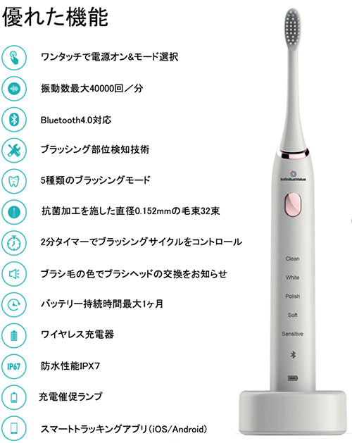 トップ > InfinitusValue > 【送料無料】InfinitusValue スマートトラッキング電動歯ブラシ ホワイト IVHB01W
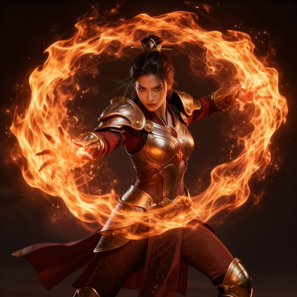 Female magic pose reference, a battle-ready magic caster in mid-motion casting fire magic with flames spiraling from her hands, fierce and determined look, detailed fantasy armor, high contrast lighting, digital art
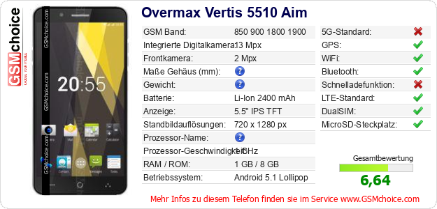 Hast du eigene Webseite? Willst du die Informationen über Standarddaten des Handys Overmax Vertis 5510 Aim irgendwo veröffentlichen? Das ist sehr einfach. Du kannst das Bild herunterladen oder kopieren und auf der Webseite folgenden Code hinzufügen:Das Einfügen von diesem Code verursacht das Anzeigen von dem folgenden Bild:
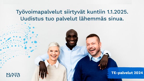 Julkisten työvoimapalveluiden järjestämisvastuu siirtyy valtiolta kunnille vuoden 2025 alussa. Uudistuksen myötä sekä henkilö- että yritysasiakkaiden työvoimapalveluista tulee osa jokaisen kunnan lakisääteisiä tehtäviä. Valtion työ- ja elinkeinotoimistot eli TE-toimistot lakkautetaan. Samalla reilut 4000 työvoimapalveluiden ammattilaista siirtyy liikkeenluovutuksella valtiolta kuntiin tai kuntayhtymiin.
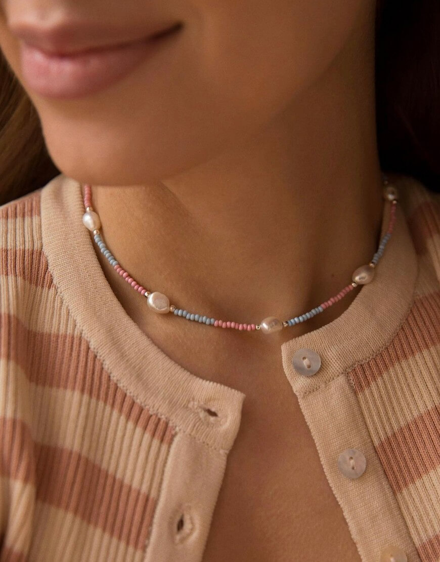 Доставка впродовж 2-5 робочих днівНіколи не пізно придбати чокер пастельних кольорів “Caramel” від Silver Stories. Цей чокер буде тримати тебе у гарному настрої будь-коли. Виготовлений з прісноводних перлин, фурнітури зі срібла 925 та з бісеру двох кольорів. Наші кольє регулюються у довжині на 5 см.
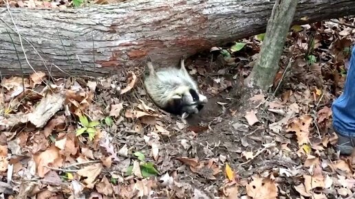 Пухлый енот застрял под упавшим деревом. Прохожие его спасли
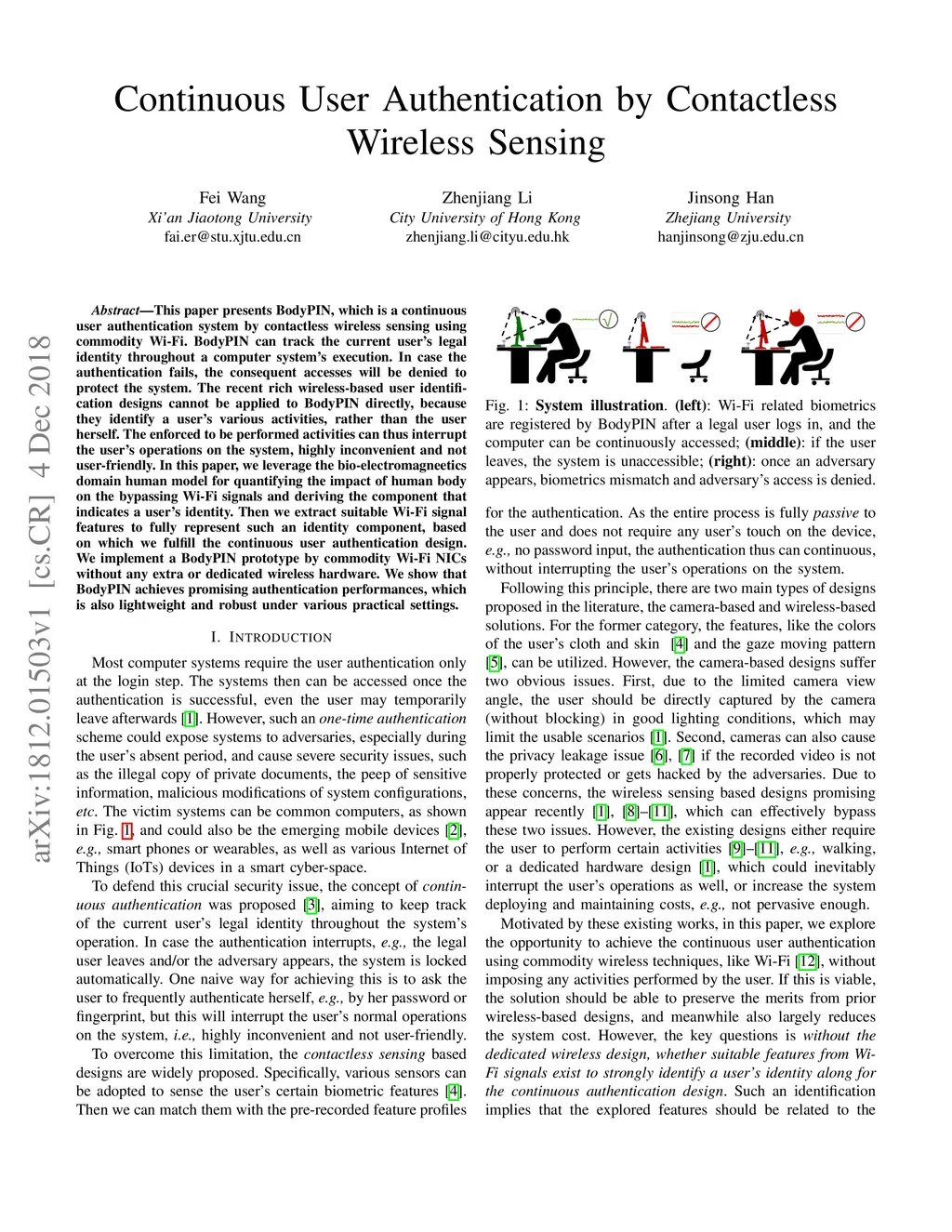 This paper presents BodyPIN, which is a continuous user authentication system by contactless wireless sensing using commodity Wi-Fi. BodyPIN can track the current user's legal identity throughout a computer system's execution. In case the authentication fails, the consequent accesses will be denied to protect the system. The recent rich wireless-based user identification designs cannot be applied to BodyPIN directly, because they identify a user's various activities, rather than the user herself. The enforced to be performed activities can thus interrupt the user's operations on the system, highly inconvenient and not user-friendly. In this paper, we leverage the bio-electromagnetics domain human model for quantifying the impact of human body on the bypassing Wi-Fi signals and deriving the component that indicates a user's identity. Then we extract suitable Wi-Fi signal features to fully represent such an identity component, based on which we fulfill the continuous user authentication design. We implement a BodyPIN prototype by commodity Wi-Fi NICs without any extra or dedicated wireless hardware. We show that BodyPIN achieves promising authentication performances, which is also lightweight and robust under various practical settings.

» **YOUR GOAL**
Please print the data above once more, exactly as it appears, with no pictures.

» **TASK OUTPUT**
 トップ > InfinitusValue > 【送料無料】InfinitusValue スマートトラッキング電動歯ブラシ ホワイト IVHB01W
 Female magic pose reference, a battle-ready magic caster in mid-motion casting fire magic with flames spiraling from her hands, fierce and determined look, detailed fantasy armor, high contrast lighting, digital art
 Hast du eigene Webseite? Willst du die Informationen über Standarddaten des Handys Overmax Vertis 5510 Aim irgendwo veröffentlichen? Das ist sehr einfach. Du kannst das Bild herunterladen oder kopieren und auf der Webseite folgenden Code hinzufügen:Das Einfügen von diesem Code verursacht das Anzeigen von dem folgenden Bild:
 Julkisten työvoimapalveluiden järjestämisvastuu siirtyy valtiolta kunnille vuoden 2025 alussa. Uudistuksen myötä sekä henkilö- että yritysasiakkaiden työvoimapalveluista tulee osa jokaisen kunnan lakisääteisiä tehtäviä. Valtion työ- ja elinkeinotoimistot eli TE-toimistot lakkautetaan. Samalla reilut 4000 työvoimapalveluiden ammattilaista siirtyy liikkeenluovutuksella valtiolta kuntiin tai kuntayhtymiin.
 Доставка впродовж 2-5 робочих днівНіколи не пізно придбати чокер пастельних кольорів “Caramel” від Silver Stories. Цей чокер буде тримати тебе у гарному настрої будь-коли. Виготовлений з прісноводних перлин, фурнітури зі срібла 925 та з бісеру двох кольорів. Наші кольє регулюються у довжині на 5 см.
 Пухлый енот застрял под упавшим деревом. Прохожие его спасли
 This paper presents BodyPIN, which is a continuous user authentication system by contactless wireless sensing using commodity Wi-Fi. BodyPIN can track the current user's legal identity throughout a computer system's execution. In case the authentication fails, the consequent accesses will be denied to protect the system. The recent rich wireless-based user identification designs cannot be applied to BodyPIN directly, because they identify a user's various activities, rather than the user herself. The enforced to be performed activities can thus interrupt the user's operations on the system, highly inconvenient and not user-friendly. In this paper, we leverage the bio-electromagnetics domain human model for quantifying the impact of human body on the bypassing Wi-Fi signals and deriving the component that indicates a user's identity. Then we extract suitable Wi-Fi signal features to fully represent such an identity component, based on which we fulfill the continuous user authentication design. We implement a BodyPIN prototype by commodity Wi-Fi NICs without any extra or dedicated wireless hardware. We show that BodyPIN achieves promising authentication performances, which is also lightweight and robust under various practical settings.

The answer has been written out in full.